= TASK DIRECTIONS =
Pictures are to be left out, and only the lines below starting at the one with "附属肿瘤医院党委副书记、工会" and ending at the one with "Chiuveta prezinta o" are to be reproduced, each exactly, both ends included.

= DATA FOR ANALYSIS =
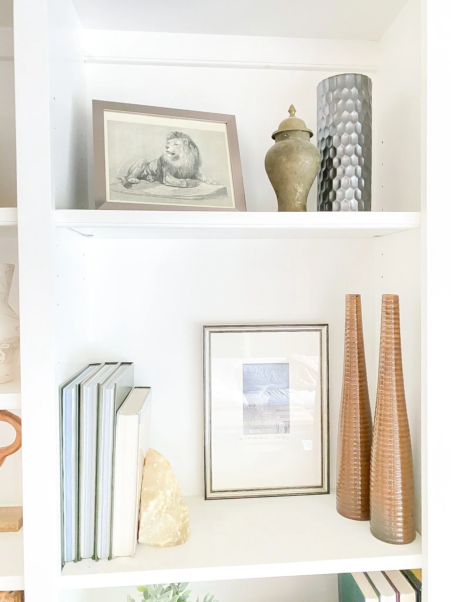 Working in groups of three brings interest to your space. Adding in different elements like frames, accessories, books, sculptures, and more brings interest to your shelf. It’s best to mix things with different sizes. You want to fill the space without overpowering it. I like to think in small, medium, large when selecting my grouping. Arrange your items in odd numbers for an organic and natural look.
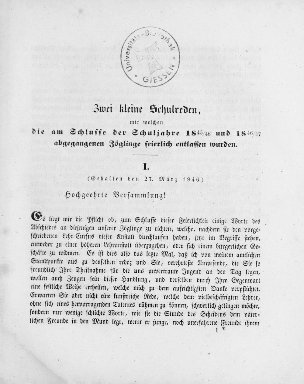 Zwei kleine Schulreden, mit welchen die am Schluſſe der Schuljahre 1845,46 und 1846,7 abgegangenen Zöglinge feierlich entlaſſen wurden.
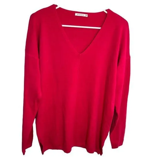 Great condition. Staccato. Kehlani v-neck sweater. Bright pink color. Tunic length. Super soft pull over V-neck sweater with a center front seam and long sleeves. Style 51794J. Size Medium. 55% viscose, 45% nylon. Pit to pit laying flat 23” Shoulder to hem 27” Sleeve (seam to hem) 21” All measurements are approximate and taken lying flat. Smoke free home. No trades, offers welcome.
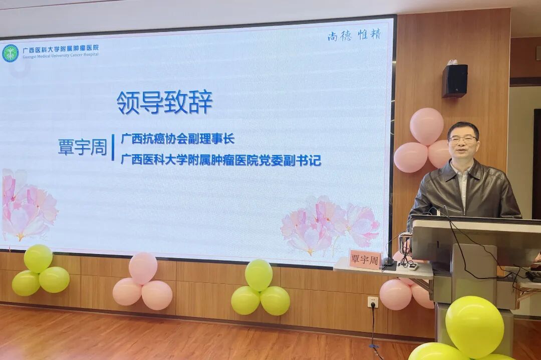 附属肿瘤医院党委副书记、工会主席覃宇周出席活动并致辞,向全院女职工送上节日祝福。他充分肯定了大家在医疗、教学、科研、管理等岗位上的重要贡献,彰显了新时代医务工作者的巾帼担当。他表示,医院始终重视职工身心健康,希望大家通过活动舒缓压力、凝聚力量,以更饱满的热情投身工作,为医院高质量发展再建新功。
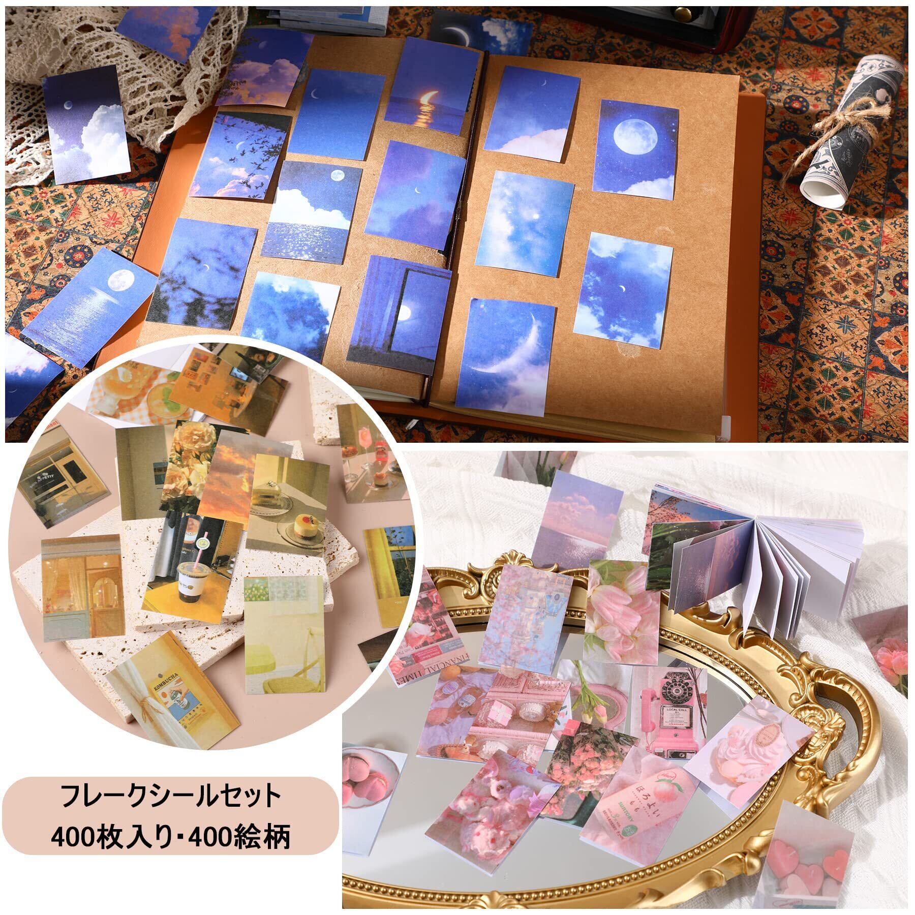 【十分な量】8冊のコラージュシールブックが入っており、各冊にも50枚、合計400枚のフレークシールがあります。大量なセットで長く使えます。シールのサイズが4cmX6cmで、持ち運びにも便利です。
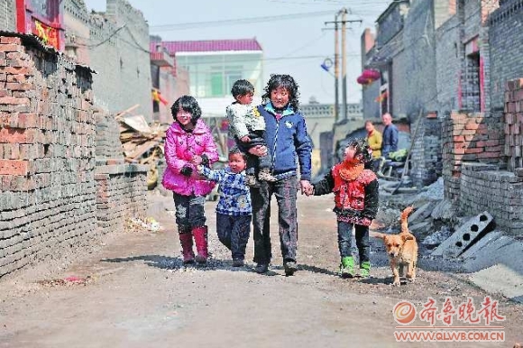 山西省孝义市瑶圃村村民李艳萍是位地地道道的农民,收入微薄,中年丧夫。但22年间她先后成为80多个孤残儿童的妈妈,上演着一幕现实版的《一个都不能少》,李艳萍因此被网友称为“史上最具爱心妈妈”。图为李艳萍在接孩子们放学。 新华社发
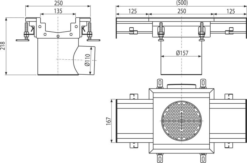Industrijski točkasti slivnik sa ulazima 250×250-135, inox AISI 316L
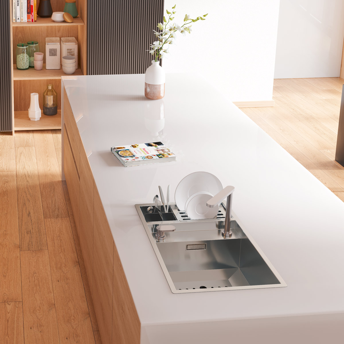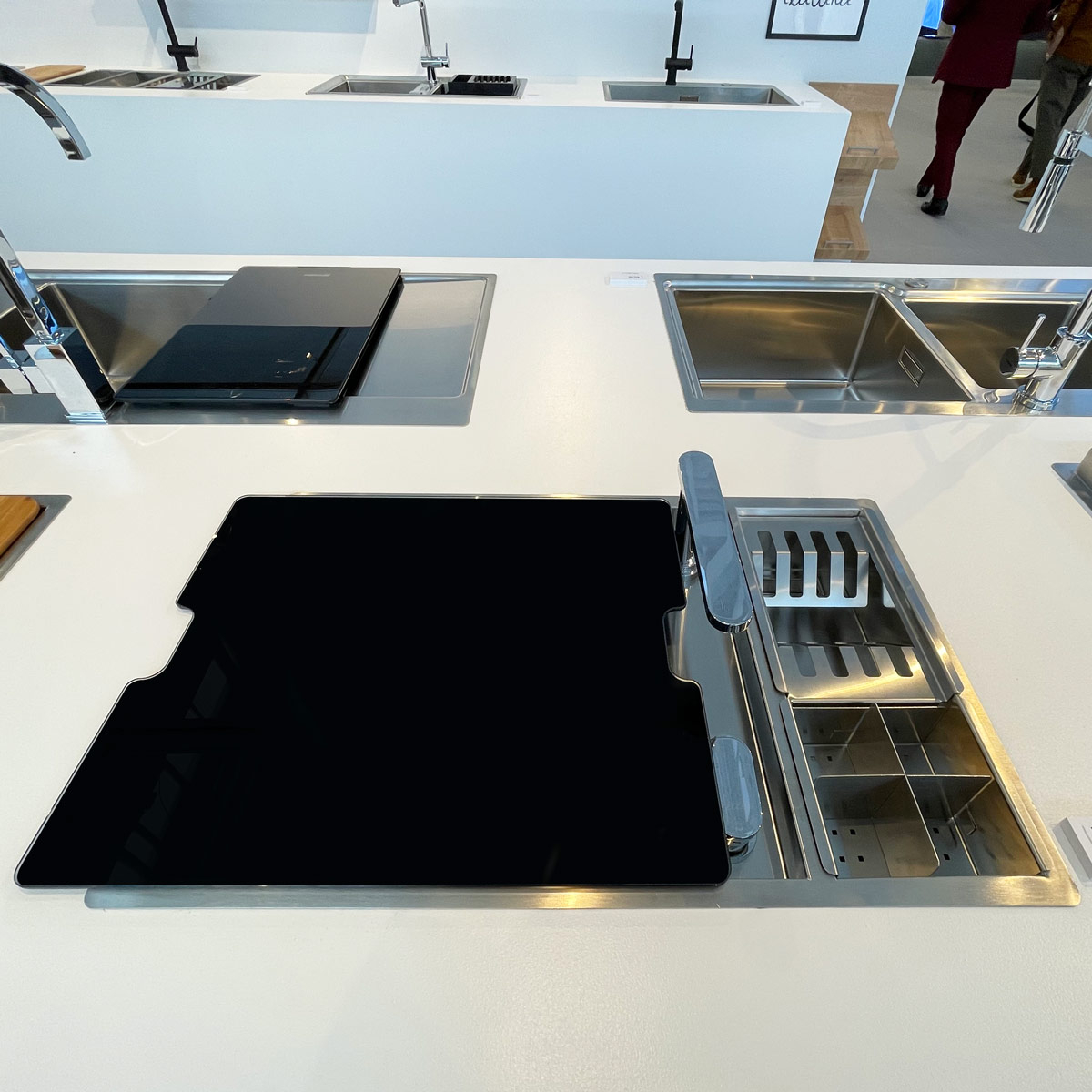 Chiuveta prezinta o margine speciala coborata sub nivelul buzei de sus a chiuvetei, pe care se monteaza bateria telescopica. Deasupra bateriei, pe marginea principala a cuvei se pot folosi mai multe accesorii de bucatarie printre care si tocatorul de sticla temperizata neagra inclus in setul prezentat aici. Acest tocator poate fi folosit fie ca si tocator pentru legume fie ca si capac al chiuvetei, caz in care chiuveta pare ascunsa in blat, mai putin partea de scurgator Mini Exclusive 440 care ramane vizibila atunci cand tocatorul de sticla este instalat.
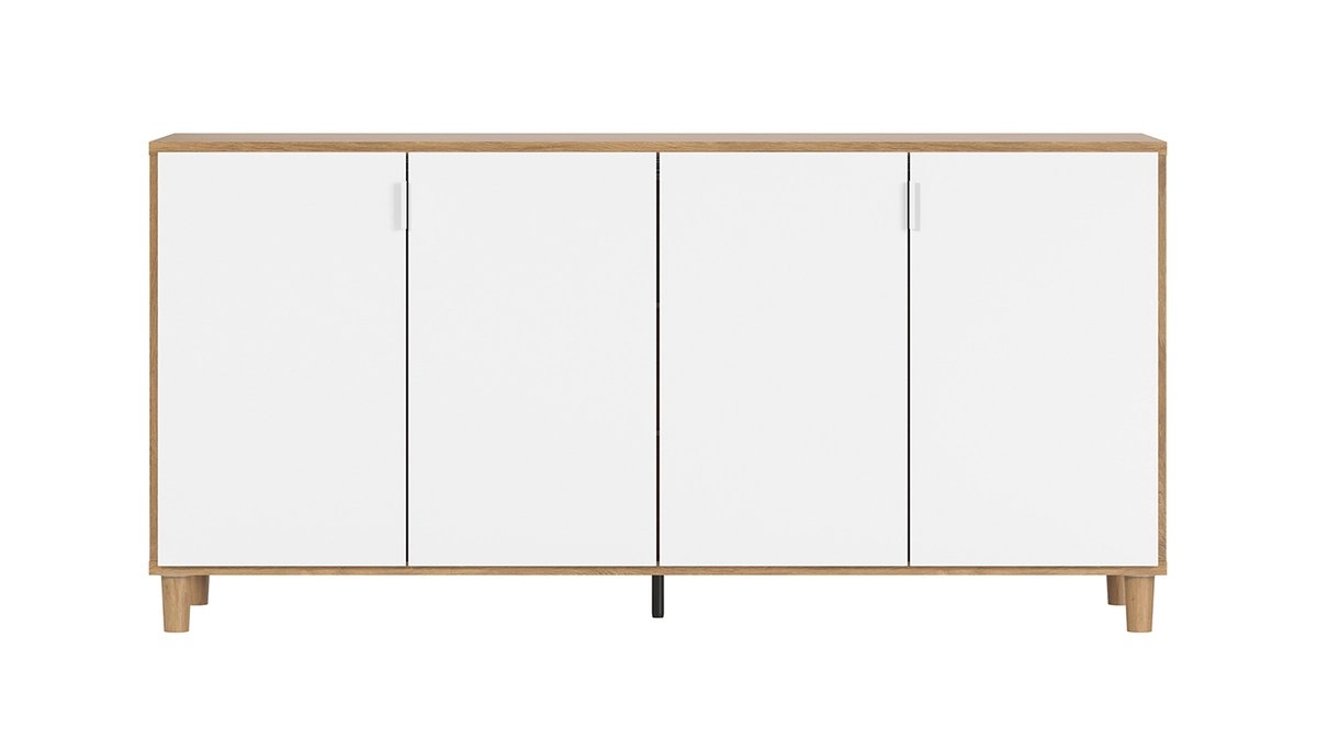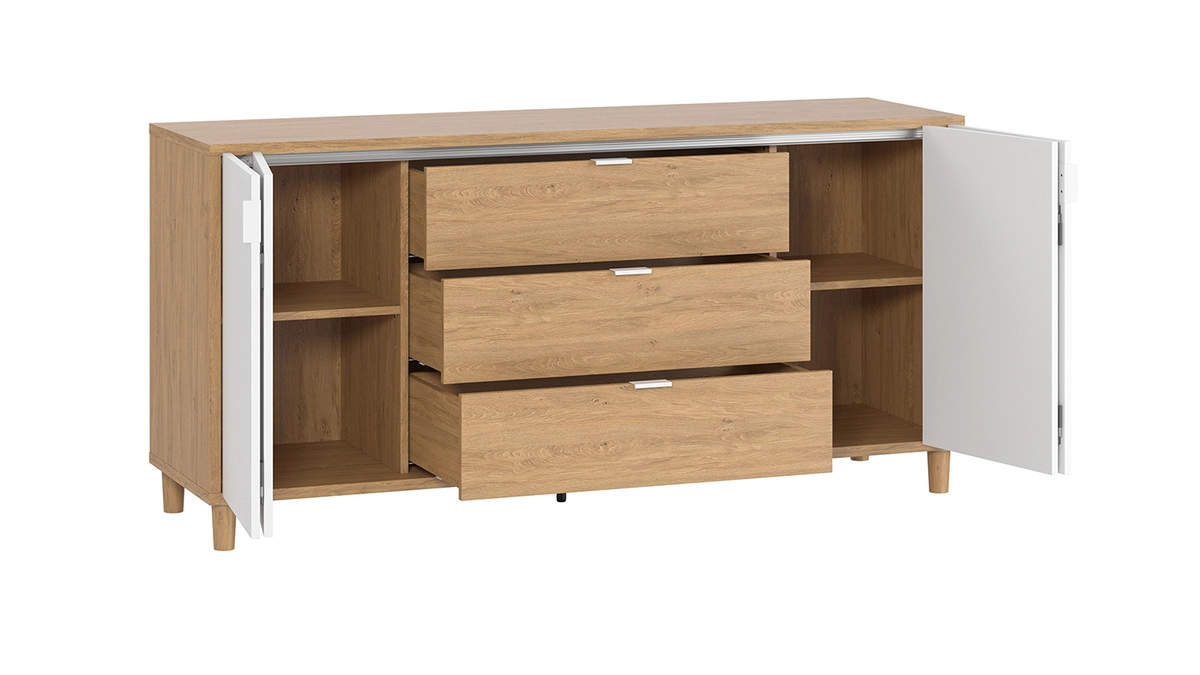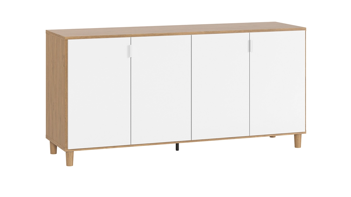 À première vue, ce buffet est un joli meuble scandinave intemporel travaillé dans un style épuré. Une ligne simple et une teinte discrète caractérise ce modèle qui se glisse parfaitement dans tous les intérieurs. VESTA marie avec brio une structure en panneaux de fibres de bois finition blanc mat et bois et un piètement authentique en chêne massif. C’est une pièce de mobilier discrète et chaleureuse à installer aussi bien dans le salon que la salle à manger.
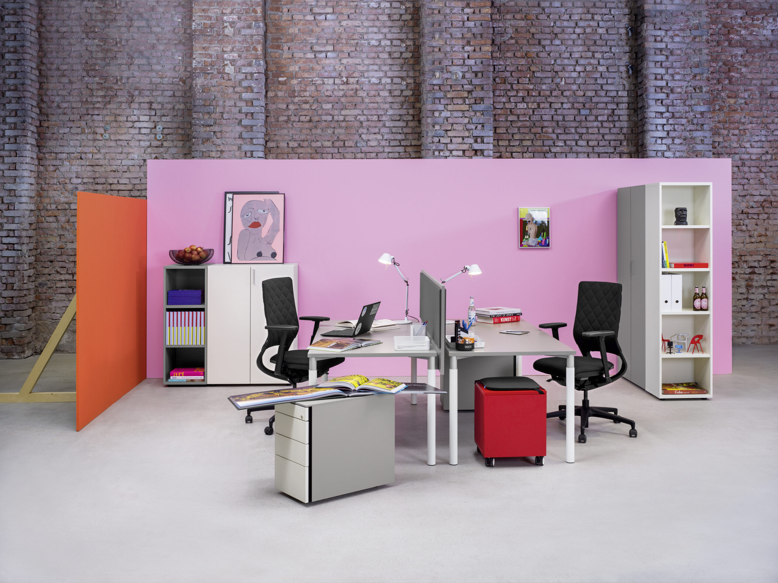 Flexible Bürolandschaft mit s440 Arbeitstisch, Stauraumvarianten und mobilen Bully-Hockern
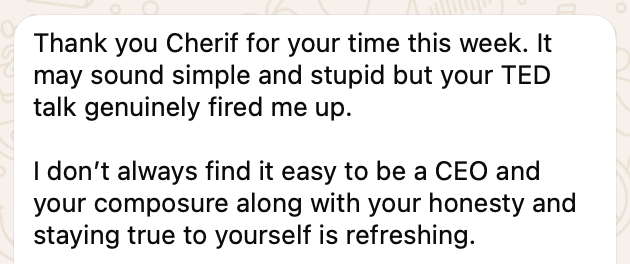 PS: A few days after that breakfast, the CEO in question sent me the text below. I’ll take the “TED talk” comment as a compliment 😎

= EXPECTED ANSWER =
 附属肿瘤医院党委副书记、工会主席覃宇周出席活动并致辞,向全院女职工送上节日祝福。他充分肯定了大家在医疗、教学、科研、管理等岗位上的重要贡献,彰显了新时代医务工作者的巾帼担当。他表示,医院始终重视职工身心健康,希望大家通过活动舒缓压力、凝聚力量,以更饱满的热情投身工作,为医院高质量发展再建新功。
 【十分な量】8冊のコラージュシールブックが入っており、各冊にも50枚、合計400枚のフレークシールがあります。大量なセットで長く使えます。シールのサイズが4cmX6cmで、持ち運びにも便利です。
 山西省孝义市瑶圃村村民李艳萍是位地地道道的农民,收入微薄,中年丧夫。但22年间她先后成为80多个孤残儿童的妈妈,上演着一幕现实版的《一个都不能少》,李艳萍因此被网友称为“史上最具爱心妈妈”。图为李艳萍在接孩子们放学。 新华社发
Industrijski točkasti slivnik sa ulazima 250×250-135, inox AISI 316L
 Chiuveta prezinta o margine speciala coborata sub nivelul buzei de sus a chiuvetei, pe care se monteaza bateria telescopica. Deasupra bateriei, pe marginea principala a cuvei se pot folosi mai multe accesorii de bucatarie printre care si tocatorul de sticla temperizata neagra inclus in setul prezentat aici. Acest tocator poate fi folosit fie ca si tocator pentru legume fie ca si capac al chiuvetei, caz in care chiuveta pare ascunsa in blat, mai putin partea de scurgator Mini Exclusive 440 care ramane vizibila atunci cand tocatorul de sticla este instalat.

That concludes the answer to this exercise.